§ TASK BRIEF
Where in the listing does the string "code" appear? Copy every line that holds it.
------ SUPPLIED INFORMATION
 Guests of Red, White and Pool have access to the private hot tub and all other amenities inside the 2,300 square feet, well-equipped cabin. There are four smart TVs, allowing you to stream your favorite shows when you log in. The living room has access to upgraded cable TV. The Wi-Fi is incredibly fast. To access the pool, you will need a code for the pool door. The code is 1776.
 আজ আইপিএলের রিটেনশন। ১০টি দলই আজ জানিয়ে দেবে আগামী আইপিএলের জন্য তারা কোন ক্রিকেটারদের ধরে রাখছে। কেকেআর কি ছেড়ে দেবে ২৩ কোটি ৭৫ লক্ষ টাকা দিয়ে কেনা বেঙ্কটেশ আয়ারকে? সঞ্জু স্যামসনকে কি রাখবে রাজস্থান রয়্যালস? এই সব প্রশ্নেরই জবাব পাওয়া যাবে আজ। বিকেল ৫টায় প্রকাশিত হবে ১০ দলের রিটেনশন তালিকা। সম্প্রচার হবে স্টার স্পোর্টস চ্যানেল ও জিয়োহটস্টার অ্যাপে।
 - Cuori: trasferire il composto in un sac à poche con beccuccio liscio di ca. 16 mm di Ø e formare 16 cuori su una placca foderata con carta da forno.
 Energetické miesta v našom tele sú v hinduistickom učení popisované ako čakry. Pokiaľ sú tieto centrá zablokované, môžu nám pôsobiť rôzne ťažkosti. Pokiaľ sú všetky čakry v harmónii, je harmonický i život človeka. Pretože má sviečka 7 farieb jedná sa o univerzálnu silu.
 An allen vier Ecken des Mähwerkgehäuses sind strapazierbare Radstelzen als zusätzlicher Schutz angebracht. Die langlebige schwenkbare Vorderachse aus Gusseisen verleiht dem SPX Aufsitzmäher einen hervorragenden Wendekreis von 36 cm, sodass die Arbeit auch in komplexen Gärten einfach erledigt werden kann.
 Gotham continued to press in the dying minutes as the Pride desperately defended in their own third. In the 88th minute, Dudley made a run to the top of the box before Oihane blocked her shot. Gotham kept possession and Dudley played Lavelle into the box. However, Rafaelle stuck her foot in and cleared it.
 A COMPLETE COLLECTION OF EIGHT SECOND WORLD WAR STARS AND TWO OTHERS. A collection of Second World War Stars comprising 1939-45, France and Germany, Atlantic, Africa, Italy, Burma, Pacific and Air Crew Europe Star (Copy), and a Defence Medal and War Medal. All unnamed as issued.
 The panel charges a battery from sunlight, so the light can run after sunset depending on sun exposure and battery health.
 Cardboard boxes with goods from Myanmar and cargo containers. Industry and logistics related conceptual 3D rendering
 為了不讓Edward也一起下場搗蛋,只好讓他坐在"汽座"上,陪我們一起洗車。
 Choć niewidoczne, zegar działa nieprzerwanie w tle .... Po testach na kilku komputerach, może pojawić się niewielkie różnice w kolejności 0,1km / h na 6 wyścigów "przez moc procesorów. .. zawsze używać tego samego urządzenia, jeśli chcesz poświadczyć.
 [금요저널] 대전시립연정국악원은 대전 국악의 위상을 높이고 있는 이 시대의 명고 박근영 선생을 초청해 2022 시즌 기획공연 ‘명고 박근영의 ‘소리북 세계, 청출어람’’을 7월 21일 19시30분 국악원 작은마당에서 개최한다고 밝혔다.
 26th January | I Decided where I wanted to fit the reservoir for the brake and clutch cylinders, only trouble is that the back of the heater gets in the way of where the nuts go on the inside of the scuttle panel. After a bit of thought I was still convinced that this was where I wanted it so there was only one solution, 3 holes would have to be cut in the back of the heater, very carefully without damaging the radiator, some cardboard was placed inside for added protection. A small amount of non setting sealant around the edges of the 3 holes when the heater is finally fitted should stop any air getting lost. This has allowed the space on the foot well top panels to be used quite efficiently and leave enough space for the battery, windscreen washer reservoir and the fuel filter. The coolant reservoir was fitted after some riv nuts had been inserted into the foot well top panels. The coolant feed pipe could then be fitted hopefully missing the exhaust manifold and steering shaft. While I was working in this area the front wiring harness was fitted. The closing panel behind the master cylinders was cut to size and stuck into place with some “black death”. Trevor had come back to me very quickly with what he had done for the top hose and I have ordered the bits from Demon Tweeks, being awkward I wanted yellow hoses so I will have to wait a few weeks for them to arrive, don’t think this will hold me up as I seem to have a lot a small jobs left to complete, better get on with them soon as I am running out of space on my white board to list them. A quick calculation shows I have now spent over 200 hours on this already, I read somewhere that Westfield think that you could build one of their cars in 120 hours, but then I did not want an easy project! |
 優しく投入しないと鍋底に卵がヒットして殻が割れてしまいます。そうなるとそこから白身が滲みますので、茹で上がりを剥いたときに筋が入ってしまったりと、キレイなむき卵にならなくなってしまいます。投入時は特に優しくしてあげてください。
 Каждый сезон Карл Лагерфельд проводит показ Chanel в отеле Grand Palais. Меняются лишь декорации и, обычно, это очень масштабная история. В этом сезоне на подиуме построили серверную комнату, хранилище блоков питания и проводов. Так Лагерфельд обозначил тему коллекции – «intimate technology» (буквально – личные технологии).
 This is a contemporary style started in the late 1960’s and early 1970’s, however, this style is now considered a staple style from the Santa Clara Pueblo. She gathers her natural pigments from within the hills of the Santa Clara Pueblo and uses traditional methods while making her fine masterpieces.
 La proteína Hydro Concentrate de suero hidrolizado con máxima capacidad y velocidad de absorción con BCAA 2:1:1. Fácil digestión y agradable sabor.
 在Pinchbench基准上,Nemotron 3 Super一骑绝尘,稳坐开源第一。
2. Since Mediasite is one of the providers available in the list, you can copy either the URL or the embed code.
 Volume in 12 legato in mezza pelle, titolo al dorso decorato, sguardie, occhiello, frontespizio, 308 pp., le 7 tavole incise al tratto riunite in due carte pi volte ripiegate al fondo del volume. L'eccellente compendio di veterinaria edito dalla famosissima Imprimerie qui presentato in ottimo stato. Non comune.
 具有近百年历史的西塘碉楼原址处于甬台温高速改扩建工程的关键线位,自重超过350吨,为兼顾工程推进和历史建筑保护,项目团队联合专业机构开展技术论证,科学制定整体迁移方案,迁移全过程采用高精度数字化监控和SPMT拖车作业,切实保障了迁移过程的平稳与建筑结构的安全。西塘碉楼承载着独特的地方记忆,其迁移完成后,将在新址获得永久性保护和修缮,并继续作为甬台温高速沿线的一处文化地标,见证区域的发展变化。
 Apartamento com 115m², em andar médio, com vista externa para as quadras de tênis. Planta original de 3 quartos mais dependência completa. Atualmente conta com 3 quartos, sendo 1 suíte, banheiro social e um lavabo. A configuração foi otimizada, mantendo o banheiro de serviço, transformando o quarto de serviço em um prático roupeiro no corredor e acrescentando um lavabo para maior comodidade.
------------
§ TASK OUTPUT
 Guests of Red, White and Pool have access to the private hot tub and all other amenities inside the 2,300 square feet, well-equipped cabin. There are four smart TVs, allowing you to stream your favorite shows when you log in. The living room has access to upgraded cable TV. The Wi-Fi is incredibly fast. To access the pool, you will need a code for the pool door. The code is 1776.
2. Since Mediasite is one of the providers available in the list, you can copy either the URL or the embed code.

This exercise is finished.